Here is the link for it, maybe you can find one in your local area:
http://www.bbbs.org/site/c.diJKKYPLJvH/b.1539751/k.BDB6/H...
Often, a parent needs extra help... with their child and nothing is wrong with that.
Your Daughter is also a "tween", if you Google search that, lots of articles will come up, on their development.
Just keep trying... to have 2-way communication with her. As she becomes a Teen... it is important so that you can keep tabs on her life and how she is doing and so she comes to you with any problems, good or bad. My Dad did that with me, it helps a lot. I knew I could go to him with anything. And he would not judge me or criticize. But just be there for me.
TELL her you love her, no matter what... even if she is in a bad mood. That it is UNconditional... and that you accept her no matter what. Then show it. In your actions and words. For a Teen or any child, THAT is very important for them to know. They often do not 'know' that they are loved no matter what... and may rebel to gain that security. Or feel that they are not accepted or loved.
-My daughter is only 7... but at times when she was in a bad mood... she'd ask me "Do you Love me.... when I'm like this?" And I would always say YES... no matter what and even when Mommy is in a bad mood... I ALWAYS love you.... " and it made her feel better. She just needed confirmation.... and validation.
Most kids, even adults, are that way.
Next, does she have hobbies? Talents? Interests? Maybe she needs some positive outlets, that she can feel proud of.... within herself.
And, how are her friends? Do you keep tabs on what kinds of friends or peer problems she has, if any? This is a hard age... and their hormones fluctuate too... being on the cusp of Teen-hood.
Or just talk with her... not judging... but asking her- "What do you expect Mommy to do, when you are like this?".... then pause and wait for her to answer.
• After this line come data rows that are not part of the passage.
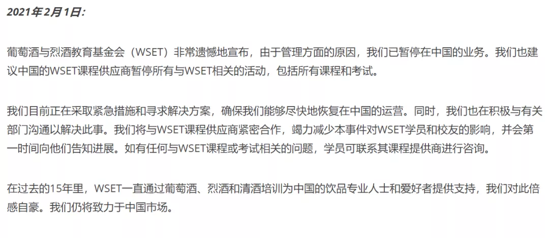 声明中称:葡萄酒与烈酒教育基金会(WSET)非常遗憾地宣布,由于管理方面的原因,已暂停在中国的业务。他们也建议中国的WSET课程供应商暂停所有与WSET相关的活动,包括所有课程和考试。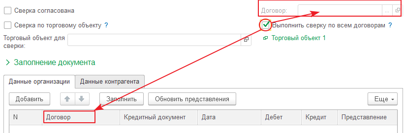 Если при сверке по всем договорам также включен флаг «Сверка по торговому объекту», логика заполнения кредитного документа не изменяется: выполняется отбор кредитных документов по контрагенту и торговому объекту, колонка «Договоры» заполняется договорами из этого документа кредита.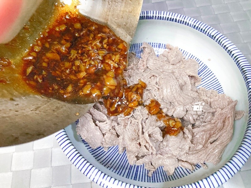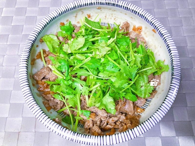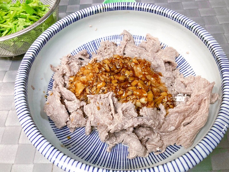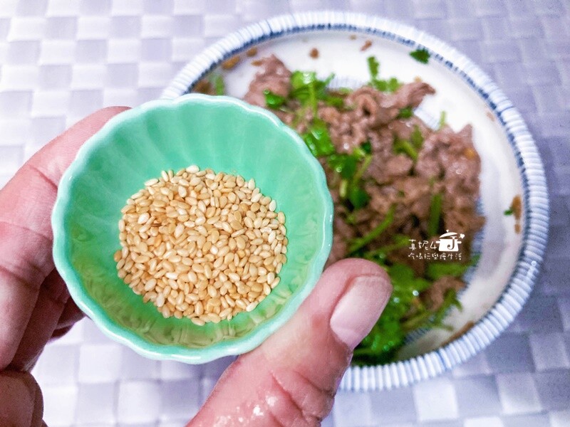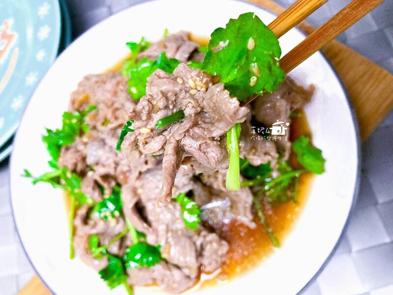 涼拌醬汁和牛肉片先混合吃味後再加入香菜混拌,上桌前再撒上白芝麻提香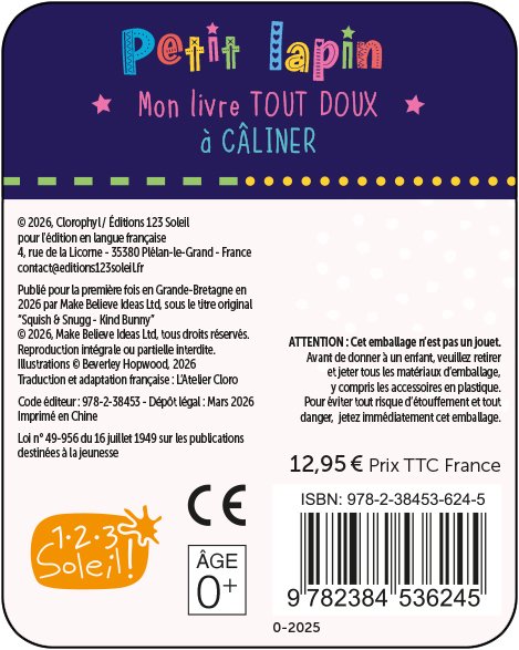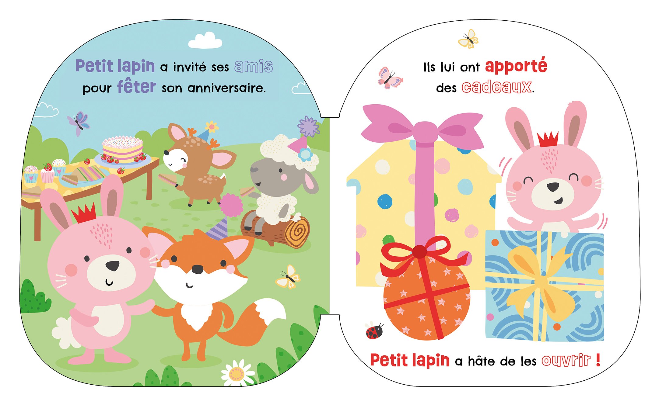 Un livre avec une couverture en mousse recouverte de velours tout doux à serrer dans ses bras, comme un doudou. Petit lapin fête son anniversaire !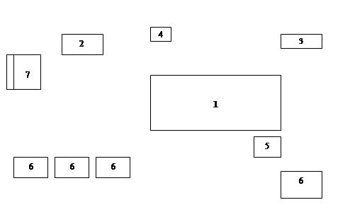 1 – двухкрасочная офсетная листовая машина большого формата РО-6; 2 – стол печатника; 3 – шкаф для материалов; 4 – шкаф для инструментов; 5 – устройство для предварительной зарядки самонаклада; 6 – платформа; 7 – стойка для пластин.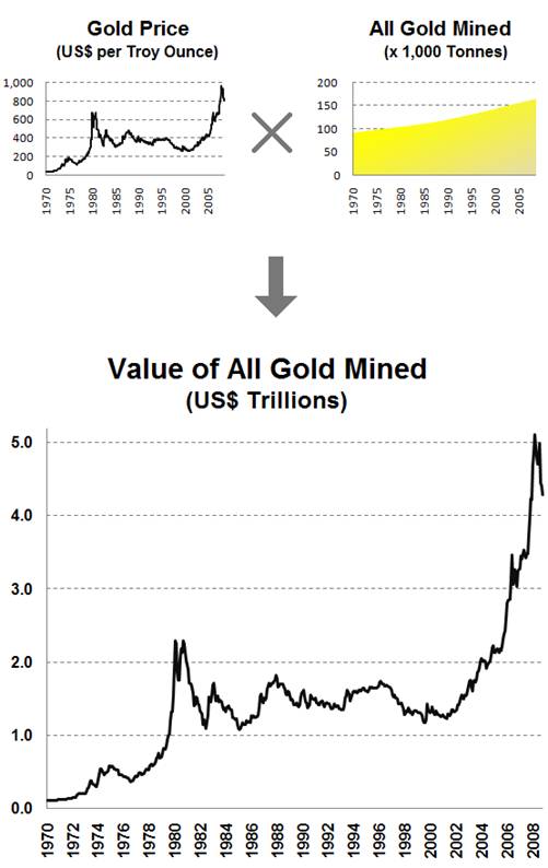 For example, the 10-31-2008 closing spot price for one troy ounce of gold was US$806.62. Multiplied by the corresponding quantity, the total value of all gold ever mined was US$4.3 trillion. This is just slightly more than the $4.03 billion global M0 money supply from Figure 2 above.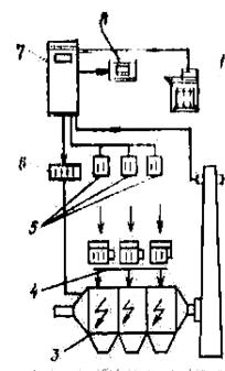 Рис.6.6.Стуктурная схема МП – системы управления фирмы «Лурги»: 1-печатающее устройство; 2-измеритель оптической плотности; 3-электрофильтр; 4-агрегаты питания; 5-контрольное устройство; 6-программатор; 7-миниЭВМ; 8-дисплей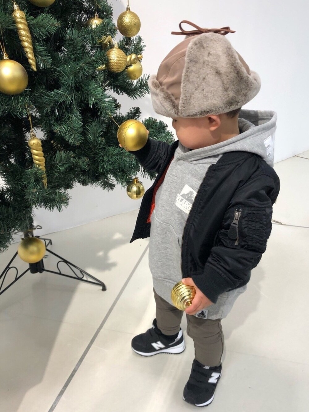 ご覧頂きありがとうございます🙇♀️ お買い物コーデ🖤 後ろがロゴ×ロゴになってしまいましたが…🤦♀️ 結局BREEZEのパンツは色違いで購入。笑 黒も買おうとしたら流石に違う種類のパンツにしなさいと止められました🤭 お店のツリーの飾りを取って逃走する小僧。目が離せません。

Even if she is yelling... ask her and wait. Tell her, you walk on eggshells around her... and so you are asking HER... what HER solution would be or what is she looking for??? Because she is never pleased.... so what is HER "solution" to it all?
Tell her it is not fair.... you are her Mommy... always. But she has to meet you half way too.
Maybe a Female Counselor may be better for her. Men, won't understand a female teen, sometimes.
Try to help her/you now... before she gets older, and it gets worse, and then harder to undo.